Gov. Mark Dayton is pushing state agencies to hire more Minnesotans with disabilities.

The governor issued an executive order this week directing all state government agencies to increase their employment of people with disabilities.

Dayton has gotten criticism lately because Minnesota has fallen behind much of the nation in the hiring and recruiting of people with physical and developmental disabilities, reports say.

There has been a steady decline in the proportion of Minnesotans with disabilities employed by the state. In 1999, 10.1 percent of the state's workforce had disabilities, but that number dropped to 3.2 percent in 2013, according to a news release.

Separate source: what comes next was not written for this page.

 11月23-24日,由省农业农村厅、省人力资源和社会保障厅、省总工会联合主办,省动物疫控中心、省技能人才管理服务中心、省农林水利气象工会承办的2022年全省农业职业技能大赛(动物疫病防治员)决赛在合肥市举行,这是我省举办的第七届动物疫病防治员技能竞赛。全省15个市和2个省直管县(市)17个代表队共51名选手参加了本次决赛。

Dayton's executive order directs state agencies to increase the percent of workers with disabilities to 7 percent by 2018. It also mandates training for some state workers for recruiting employees with disabilities.

The governor spoke with MPR News about the decline in employees with disabilities and how the executive order will help. Dayton told the station he's not sure if there's a "single answer" as to why the state has fallen behind others in hiring people with disabilities, but "part of it is the lack of attention to that as a priority, which is why this is executive order is important to say, 'yes this matters.'"

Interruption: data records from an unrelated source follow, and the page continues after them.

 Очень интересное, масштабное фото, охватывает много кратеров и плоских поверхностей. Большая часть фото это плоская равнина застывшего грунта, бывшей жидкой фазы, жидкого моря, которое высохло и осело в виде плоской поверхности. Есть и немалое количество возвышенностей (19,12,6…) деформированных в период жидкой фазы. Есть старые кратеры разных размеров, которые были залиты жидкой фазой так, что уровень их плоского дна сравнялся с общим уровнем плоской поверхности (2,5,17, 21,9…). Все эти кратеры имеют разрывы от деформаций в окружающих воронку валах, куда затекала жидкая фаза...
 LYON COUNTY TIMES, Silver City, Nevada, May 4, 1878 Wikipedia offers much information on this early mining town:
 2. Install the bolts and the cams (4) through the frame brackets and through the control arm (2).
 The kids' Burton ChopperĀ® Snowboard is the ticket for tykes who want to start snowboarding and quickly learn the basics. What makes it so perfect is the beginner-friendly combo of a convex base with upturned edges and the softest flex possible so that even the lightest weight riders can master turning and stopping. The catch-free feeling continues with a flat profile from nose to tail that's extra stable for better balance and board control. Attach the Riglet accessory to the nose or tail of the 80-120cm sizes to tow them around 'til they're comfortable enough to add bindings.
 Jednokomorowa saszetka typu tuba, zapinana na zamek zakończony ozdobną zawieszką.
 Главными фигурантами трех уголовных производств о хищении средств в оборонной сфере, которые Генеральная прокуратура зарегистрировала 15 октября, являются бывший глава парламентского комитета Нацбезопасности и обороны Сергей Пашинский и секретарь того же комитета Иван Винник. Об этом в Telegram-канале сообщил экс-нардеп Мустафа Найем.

Dayton's move has local organizations that work with people with disabilities excited.

“Increasing employment for people with disabilities is good for them, and it’s good for all of us. It gives them a chance to increase their skills, to show the skills that they do have,” Jo Lowe, Director of Programs at the Arc of Freeborn County, told KIMT.

Lowe added, "It’s a chance to have more inclusion in our community, to learn from each other and for those with disabilities to earn a living wage, like their peers without disabilities."

The Associated Press says the federal government and at least six other states have taken similar steps to increase the number of workers with disabilities.

McClatchy News notes this executive order is also a way for Dayton, who is up for re-election in November, to gain support among the nearly one in five Minnesotans who have a disability. Dayton told MPR that if he's still in office in 2018, he's committed to holding agency heads responsible for meeting the goal of hiring more people with disabilities.

The U.S. Bureau of Labor Statistics says 17.6 percent of persons with disabilities were employed in 2013, and the unemployment rate for those with a disability was 13.2 percent, higher than the rate for persons with no disability (7.1 percent).

Colorado's 9 News says people with disabilities are more than twice as likely to be unemployed compared to someone without a disability.